On Wednesday, Hartalega Holdings Berhad (HART:MK) (OTC: HHBHF), a leading manufacturer of nitrile gloves, received an upgraded stock rating from CLSA from 'Underperform' to 'Outperform'. The firm also raised its price target for the company's shares to MYR4.20, up from MYR2.30.
The adjustment by CLSA comes after a review of Hartalega's first half of 2025 core earnings, which were deemed to align with expectations. However, the financial institution has increased its earnings per share (EPS) estimates for fiscal years 2026-2027 by 32% to 53%. This revision is based on higher average selling price (ASP) and capacity assumptions for Hartalega.
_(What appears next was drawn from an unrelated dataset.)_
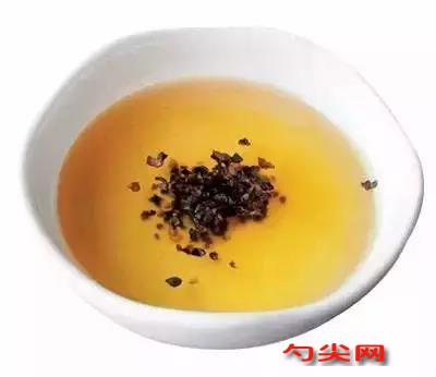 注意事項:此種復合油是選用整顆的黑胡椒進行炸制的,在黑胡椒碎制作黑椒汁或炒制黑椒菜品時不能達到的效果,利用黑椒油就可以了。先將黑胡椒在油中炸制一下,使其干香,同時油還可以用作尾油使用,黑椒的味道會更濃一些。此種復合油既可以省略在制作黑椒汁、醬提前炒制的程序,同時在淋尾油的時候可以增加黑椒的味道,是一款不錯的復合油。
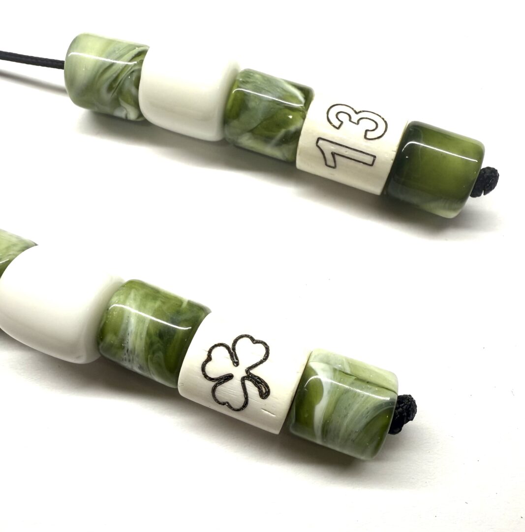 Χειροποίητο μπεγλέρι από ρητίνη και κόκκαλο καμήλας χαραγμένο με το σήμα του Παναθηναϊκού , δεμένο με 10 χάντρες .

A significant factor influencing the positive outlook is the anticipated impact of US tariff hikes on Chinese gloves. CLSA believes that these tariffs could allow Hartalega to raise its ASPs starting January 2025, particularly for orders from the United States, which accounted for 60% of its sales in the second quarter of 2025.
The report also highlights the potential for improved profit margins due to stabilizing input costs and increased economies of scale. These factors contribute to the analyst's decision to raise the target price and upgrade the stock's rating.
The upgrade and new price target reflect a more optimistic view of Hartalega's future financial performance, considering the strategic advantages the company may gain in the face of international trade developments.